───── Available data ─────

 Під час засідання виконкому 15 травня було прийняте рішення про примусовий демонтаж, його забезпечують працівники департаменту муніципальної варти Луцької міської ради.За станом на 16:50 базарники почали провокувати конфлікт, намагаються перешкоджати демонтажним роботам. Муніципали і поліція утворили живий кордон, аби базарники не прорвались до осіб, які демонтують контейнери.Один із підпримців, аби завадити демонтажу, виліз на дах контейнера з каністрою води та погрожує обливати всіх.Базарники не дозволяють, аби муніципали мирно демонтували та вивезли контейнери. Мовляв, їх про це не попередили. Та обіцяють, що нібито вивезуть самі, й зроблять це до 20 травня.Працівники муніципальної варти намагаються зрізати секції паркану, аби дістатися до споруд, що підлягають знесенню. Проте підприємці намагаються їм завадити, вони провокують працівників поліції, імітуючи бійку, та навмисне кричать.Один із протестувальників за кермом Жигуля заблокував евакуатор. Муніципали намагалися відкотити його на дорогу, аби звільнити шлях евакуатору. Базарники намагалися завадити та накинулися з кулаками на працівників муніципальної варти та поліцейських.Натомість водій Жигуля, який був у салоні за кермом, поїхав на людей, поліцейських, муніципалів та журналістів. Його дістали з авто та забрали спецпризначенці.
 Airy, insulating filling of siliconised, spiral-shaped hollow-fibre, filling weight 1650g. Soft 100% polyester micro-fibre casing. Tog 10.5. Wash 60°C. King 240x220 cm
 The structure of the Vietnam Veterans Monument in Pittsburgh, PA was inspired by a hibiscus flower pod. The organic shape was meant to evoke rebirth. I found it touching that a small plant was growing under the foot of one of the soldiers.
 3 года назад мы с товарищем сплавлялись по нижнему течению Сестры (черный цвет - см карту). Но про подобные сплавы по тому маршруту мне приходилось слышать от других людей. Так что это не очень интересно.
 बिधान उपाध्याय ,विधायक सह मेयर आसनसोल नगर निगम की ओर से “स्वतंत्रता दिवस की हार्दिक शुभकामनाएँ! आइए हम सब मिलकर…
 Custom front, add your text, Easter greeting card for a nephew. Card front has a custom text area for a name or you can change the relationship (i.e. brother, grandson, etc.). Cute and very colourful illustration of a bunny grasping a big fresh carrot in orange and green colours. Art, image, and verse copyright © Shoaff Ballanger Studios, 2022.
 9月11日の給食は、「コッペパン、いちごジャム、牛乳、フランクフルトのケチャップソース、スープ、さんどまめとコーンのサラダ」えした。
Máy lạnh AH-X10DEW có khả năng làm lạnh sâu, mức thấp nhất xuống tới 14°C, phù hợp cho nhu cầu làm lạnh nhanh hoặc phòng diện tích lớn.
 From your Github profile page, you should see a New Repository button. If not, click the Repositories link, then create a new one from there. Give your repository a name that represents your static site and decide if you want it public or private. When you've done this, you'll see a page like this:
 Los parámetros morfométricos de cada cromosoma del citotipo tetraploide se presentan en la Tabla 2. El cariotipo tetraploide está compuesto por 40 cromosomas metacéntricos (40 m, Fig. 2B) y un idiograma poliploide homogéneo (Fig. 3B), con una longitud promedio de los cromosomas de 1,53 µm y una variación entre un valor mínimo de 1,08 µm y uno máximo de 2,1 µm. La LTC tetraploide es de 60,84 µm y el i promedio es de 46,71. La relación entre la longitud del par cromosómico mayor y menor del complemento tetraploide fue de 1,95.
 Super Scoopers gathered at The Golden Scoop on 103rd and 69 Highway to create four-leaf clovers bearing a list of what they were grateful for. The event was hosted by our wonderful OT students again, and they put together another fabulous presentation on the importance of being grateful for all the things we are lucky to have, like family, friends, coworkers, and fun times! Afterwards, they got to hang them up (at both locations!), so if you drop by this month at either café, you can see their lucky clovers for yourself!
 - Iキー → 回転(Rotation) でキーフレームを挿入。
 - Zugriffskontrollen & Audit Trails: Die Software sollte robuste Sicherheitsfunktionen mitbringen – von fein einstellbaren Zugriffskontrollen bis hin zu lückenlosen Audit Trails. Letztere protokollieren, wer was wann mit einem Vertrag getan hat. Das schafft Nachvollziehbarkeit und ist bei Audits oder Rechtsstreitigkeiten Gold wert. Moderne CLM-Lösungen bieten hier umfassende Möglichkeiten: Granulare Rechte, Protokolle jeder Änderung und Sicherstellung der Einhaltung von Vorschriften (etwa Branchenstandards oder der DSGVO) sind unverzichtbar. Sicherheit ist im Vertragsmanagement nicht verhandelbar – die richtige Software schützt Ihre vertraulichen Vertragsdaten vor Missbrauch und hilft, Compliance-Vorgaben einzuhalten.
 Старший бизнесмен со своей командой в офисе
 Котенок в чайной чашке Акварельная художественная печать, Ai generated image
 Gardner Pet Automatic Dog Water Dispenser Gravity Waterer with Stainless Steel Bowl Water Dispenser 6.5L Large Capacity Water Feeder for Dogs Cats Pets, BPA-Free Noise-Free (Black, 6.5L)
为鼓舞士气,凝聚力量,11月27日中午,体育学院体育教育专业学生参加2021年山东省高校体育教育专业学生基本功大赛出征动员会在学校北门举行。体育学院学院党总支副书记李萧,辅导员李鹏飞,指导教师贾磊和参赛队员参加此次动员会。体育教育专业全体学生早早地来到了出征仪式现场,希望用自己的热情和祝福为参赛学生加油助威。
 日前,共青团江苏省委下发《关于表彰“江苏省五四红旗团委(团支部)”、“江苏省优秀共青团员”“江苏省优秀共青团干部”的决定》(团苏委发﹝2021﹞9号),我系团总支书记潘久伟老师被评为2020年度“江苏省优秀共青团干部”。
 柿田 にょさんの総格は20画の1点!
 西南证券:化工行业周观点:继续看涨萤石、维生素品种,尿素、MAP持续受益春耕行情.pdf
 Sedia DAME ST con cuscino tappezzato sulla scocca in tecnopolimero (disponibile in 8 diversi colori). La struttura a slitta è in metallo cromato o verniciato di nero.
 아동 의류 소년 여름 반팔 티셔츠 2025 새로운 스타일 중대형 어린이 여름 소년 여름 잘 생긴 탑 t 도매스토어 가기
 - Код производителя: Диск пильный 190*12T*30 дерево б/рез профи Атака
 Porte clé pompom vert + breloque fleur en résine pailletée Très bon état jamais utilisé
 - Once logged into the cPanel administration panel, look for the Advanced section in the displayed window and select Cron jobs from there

─────

What the exercise asks
Repeat each of the records exactly as written.

Finished task
 Під час засідання виконкому 15 травня було прийняте рішення про примусовий демонтаж, його забезпечують працівники департаменту муніципальної варти Луцької міської ради.За станом на 16:50 базарники почали провокувати конфлікт, намагаються перешкоджати демонтажним роботам. Муніципали і поліція утворили живий кордон, аби базарники не прорвались до осіб, які демонтують контейнери.Один із підпримців, аби завадити демонтажу, виліз на дах контейнера з каністрою води та погрожує обливати всіх.Базарники не дозволяють, аби муніципали мирно демонтували та вивезли контейнери. Мовляв, їх про це не попередили. Та обіцяють, що нібито вивезуть самі, й зроблять це до 20 травня.Працівники муніципальної варти намагаються зрізати секції паркану, аби дістатися до споруд, що підлягають знесенню. Проте підприємці намагаються їм завадити, вони провокують працівників поліції, імітуючи бійку, та навмисне кричать.Один із протестувальників за кермом Жигуля заблокував евакуатор. Муніципали намагалися відкотити його на дорогу, аби звільнити шлях евакуатору. Базарники намагалися завадити та накинулися з кулаками на працівників муніципальної варти та поліцейських.Натомість водій Жигуля, який був у салоні за кермом, поїхав на людей, поліцейських, муніципалів та журналістів. Його дістали з авто та забрали спецпризначенці.
 Airy, insulating filling of siliconised, spiral-shaped hollow-fibre, filling weight 1650g. Soft 100% polyester micro-fibre casing. Tog 10.5. Wash 60°C. King 240x220 cm
 The structure of the Vietnam Veterans Monument in Pittsburgh, PA was inspired by a hibiscus flower pod. The organic shape was meant to evoke rebirth. I found it touching that a small plant was growing under the foot of one of the soldiers.
 3 года назад мы с товарищем сплавлялись по нижнему течению Сестры (черный цвет - см карту). Но про подобные сплавы по тому маршруту мне приходилось слышать от других людей. Так что это не очень интересно.
 बिधान उपाध्याय ,विधायक सह मेयर आसनसोल नगर निगम की ओर से “स्वतंत्रता दिवस की हार्दिक शुभकामनाएँ! आइए हम सब मिलकर…
 Custom front, add your text, Easter greeting card for a nephew. Card front has a custom text area for a name or you can change the relationship (i.e. brother, grandson, etc.). Cute and very colourful illustration of a bunny grasping a big fresh carrot in orange and green colours. Art, image, and verse copyright © Shoaff Ballanger Studios, 2022.
 9月11日の給食は、「コッペパン、いちごジャム、牛乳、フランクフルトのケチャップソース、スープ、さんどまめとコーンのサラダ」えした。
Máy lạnh AH-X10DEW có khả năng làm lạnh sâu, mức thấp nhất xuống tới 14°C, phù hợp cho nhu cầu làm lạnh nhanh hoặc phòng diện tích lớn.
 From your Github profile page, you should see a New Repository button. If not, click the Repositories link, then create a new one from there. Give your repository a name that represents your static site and decide if you want it public or private. When you've done this, you'll see a page like this:
 Los parámetros morfométricos de cada cromosoma del citotipo tetraploide se presentan en la Tabla 2. El cariotipo tetraploide está compuesto por 40 cromosomas metacéntricos (40 m, Fig. 2B) y un idiograma poliploide homogéneo (Fig. 3B), con una longitud promedio de los cromosomas de 1,53 µm y una variación entre un valor mínimo de 1,08 µm y uno máximo de 2,1 µm. La LTC tetraploide es de 60,84 µm y el i promedio es de 46,71. La relación entre la longitud del par cromosómico mayor y menor del complemento tetraploide fue de 1,95.
 Super Scoopers gathered at The Golden Scoop on 103rd and 69 Highway to create four-leaf clovers bearing a list of what they were grateful for. The event was hosted by our wonderful OT students again, and they put together another fabulous presentation on the importance of being grateful for all the things we are lucky to have, like family, friends, coworkers, and fun times! Afterwards, they got to hang them up (at both locations!), so if you drop by this month at either café, you can see their lucky clovers for yourself!
 - Iキー → 回転(Rotation) でキーフレームを挿入。
 - Zugriffskontrollen & Audit Trails: Die Software sollte robuste Sicherheitsfunktionen mitbringen – von fein einstellbaren Zugriffskontrollen bis hin zu lückenlosen Audit Trails. Letztere protokollieren, wer was wann mit einem Vertrag getan hat. Das schafft Nachvollziehbarkeit und ist bei Audits oder Rechtsstreitigkeiten Gold wert. Moderne CLM-Lösungen bieten hier umfassende Möglichkeiten: Granulare Rechte, Protokolle jeder Änderung und Sicherstellung der Einhaltung von Vorschriften (etwa Branchenstandards oder der DSGVO) sind unverzichtbar. Sicherheit ist im Vertragsmanagement nicht verhandelbar – die richtige Software schützt Ihre vertraulichen Vertragsdaten vor Missbrauch und hilft, Compliance-Vorgaben einzuhalten.
 Старший бизнесмен со своей командой в офисе
 Котенок в чайной чашке Акварельная художественная печать, Ai generated image
 Gardner Pet Automatic Dog Water Dispenser Gravity Waterer with Stainless Steel Bowl Water Dispenser 6.5L Large Capacity Water Feeder for Dogs Cats Pets, BPA-Free Noise-Free (Black, 6.5L)
为鼓舞士气,凝聚力量,11月27日中午,体育学院体育教育专业学生参加2021年山东省高校体育教育专业学生基本功大赛出征动员会在学校北门举行。体育学院学院党总支副书记李萧,辅导员李鹏飞,指导教师贾磊和参赛队员参加此次动员会。体育教育专业全体学生早早地来到了出征仪式现场,希望用自己的热情和祝福为参赛学生加油助威。
 日前,共青团江苏省委下发《关于表彰“江苏省五四红旗团委(团支部)”、“江苏省优秀共青团员”“江苏省优秀共青团干部”的决定》(团苏委发﹝2021﹞9号),我系团总支书记潘久伟老师被评为2020年度“江苏省优秀共青团干部”。
 柿田 にょさんの総格は20画の1点!
 西南证券:化工行业周观点:继续看涨萤石、维生素品种,尿素、MAP持续受益春耕行情.pdf
 Sedia DAME ST con cuscino tappezzato sulla scocca in tecnopolimero (disponibile in 8 diversi colori). La struttura a slitta è in metallo cromato o verniciato di nero.
 아동 의류 소년 여름 반팔 티셔츠 2025 새로운 스타일 중대형 어린이 여름 소년 여름 잘 생긴 탑 t 도매스토어 가기
 - Код производителя: Диск пильный 190*12T*30 дерево б/рез профи Атака
 Porte clé pompom vert + breloque fleur en résine pailletée Très bon état jamais utilisé
 - Once logged into the cPanel administration panel, look for the Advanced section in the displayed window and select Cron jobs from there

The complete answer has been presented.